だが今まで金忠善の持つ歴史的・文化的意味に比べ、韓日ともに関連研究が不足なのが現実である。彼に対する関連資料としては、『朝鮮王朝実録』21と『承政院日記』などに載せられた断片的な記事と『募夏堂文集』が全部で、光復(日本帝国植民地からの解放)後の微々たる研究や放送コンテンツがある程度である。今後韓日両国の学者と研究会が協同して彼に対する学術的研究を持続するかたわら、多様な文化コンテンツを生産して大衆達の関心を高めるべきである。
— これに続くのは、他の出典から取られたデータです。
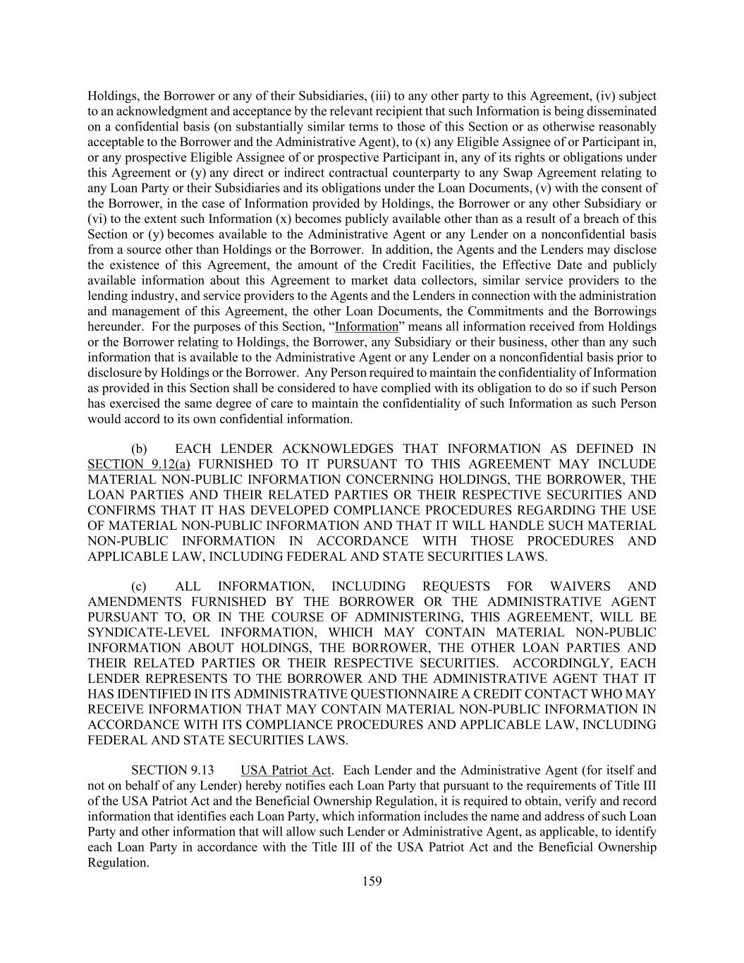 159 Holdings, the Borrower or any of their Subsidiaries, (iii) to any other party to this Agreement, (iv) subject to an acknowledgment and acceptance by the relevant recipient that such Information is being disseminated on a confidential basis (on substantially similar terms to those of this Section or as otherwise reasonably acceptable to the Borrower and the Administrative Agent), to (x) any Eligible Assignee of or Participant in, or any prospective Eligible Assignee of or prospective Participant in, any of its rights or obligations under this Agreement or (y) any direct or indirect contractual counterparty to any Swap Agreement relating to any Loan Party or their Subsidiaries and its obligations under the Loan Documents, (v) with the consent of the Borrower, in the case of Information provided by Holdings, the Borrower or any other Subsidiary or (vi) to the extent such Information (x) becomes publicly available other than as a result of a breach of this Section or (y) becomes available to the Administrative Agent or any Lender on a nonconfidential basis from a source other than Holdings or the Borrower. In addition, the Agents and the Lenders may disclose the existence of this Agreement, the amount of the Credit Facilities, the Effective Date and publicly available information about this Agreement to market data collectors, similar service providers to the lending industry, and service providers to the Agents and the Lenders in connection with the administration and management of this Agreement, the other Loan Documents, the Commitments and the Borrowings hereunder. For the purposes of this Section, “Information” means all information received from Holdings or the Borrower relating to Holdings, the Borrower, any Subsidiary or their business, other than any such information that is available to the Administrative Agent or any Lender on a nonconfidential basis prior to disclosure by Holdings or the Borrower. Any Person required to maintain the confidentiality of Information as provided in this Section shall be considered to have complied with its obligation to do so if such Person has exercised the same degree of care to maintain the confidentiality of such Information as such Person would accord to its own confidential information. (b) EACH LENDER ACKNOWLEDGES THAT INFORMATION AS DEFINED IN SECTION 9.12(a) FURNISHED TO IT PURSUANT TO THIS AGREEMENT MAY INCLUDE MATERIAL NON-PUBLIC INFORMATION CONCERNING HOLDINGS, THE BORROWER, THE LOAN PARTIES AND THEIR RELATED PARTIES OR THEIR RESPECTIVE SECURITIES AND CONFIRMS THAT IT HAS DEVELOPED COMPLIANCE PROCEDURES REGARDING THE USE OF MATERIAL NON-PUBLIC INFORMATION AND THAT IT WILL HANDLE SUCH MATERIAL NON-PUBLIC INFORMATION IN ACCORDANCE WITH THOSE PROCEDURES AND APPLICABLE LAW, INCLUDING FEDERAL AND STATE SECURITIES LAWS. (c) ALL INFORMATION, INCLUDING REQUESTS FOR WAIVERS AND AMENDMENTS FURNISHED BY THE BORROWER OR THE ADMINISTRATIVE AGENT PURSUANT TO, OR IN THE COURSE OF ADMINISTERING, THIS AGREEMENT, WILL BE SYNDICATE-LEVEL INFORMATION, WHICH MAY CONTAIN MATERIAL NON-PUBLIC INFORMATION ABOUT HOLDINGS, THE BORROWER, THE OTHER LOAN PARTIES AND THEIR RELATED PARTIES OR THEIR RESPECTIVE SECURITIES. ACCORDINGLY, EACH LENDER REPRESENTS TO THE BORROWER AND THE ADMINISTRATIVE AGENT THAT IT HAS IDENTIFIED IN ITS ADMINISTRATIVE QUESTIONNAIRE A CREDIT CONTACT WHO MAY RECEIVE INFORMATION THAT MAY CONTAIN MATERIAL NON-PUBLIC INFORMATION IN ACCORDANCE WITH ITS COMPLIANCE PROCEDURES AND APPLICABLE LAW, INCLUDING FEDERAL AND STATE SECURITIES LAWS. SECTION 9.13 USA Patriot Act. Each Lender and the Administrative Agent (for itself and not on behalf of any Lender) hereby notifies each Loan Party that pursuant to the requirements of Title III of the USA Patriot Act and the Beneficial Ownership Regulation, it is required to obtain, verify and record information that identifies each Loan Party, which information includes the name and address of such Loan Party and other information that will allow such Lender or Administrative Agent, as applicable, to identify each Loan Party in accordance with the Title III of the USA Patriot Act and the Beneficial Ownership Regulation.

敷衍すべきことは、日本帝国時代の植民史観は王朝実録など朝鮮の記録を非曲直を問わず(けな)したし、日本の学者達は金忠善に対し朝鮮で作り出した架空の人物と思う傾向が濃厚であった。一言で学術的に水準が大変低いのみならず、すでに有効でないと判定された学説に根拠して作成されているというのだ。現実には、集姓村22(友鹿洞)後裔達の遺伝子検査で韓国人とは異なる日本人の遺伝的特徴が発見され、韓国のKBS歴史スペシャルで放送されもした。



同時に金忠善を媒介に両国間の民間交流を活性化させるべきである。すでに友鹿里に位置する韓日友好館と和歌山県の沙也可記念碑建立で、大邱広域市と和歌山県との間の友好的基盤が造成された。これを機に韓日友好増進のため金忠善と友鹿里を活用すべきではなかろうか。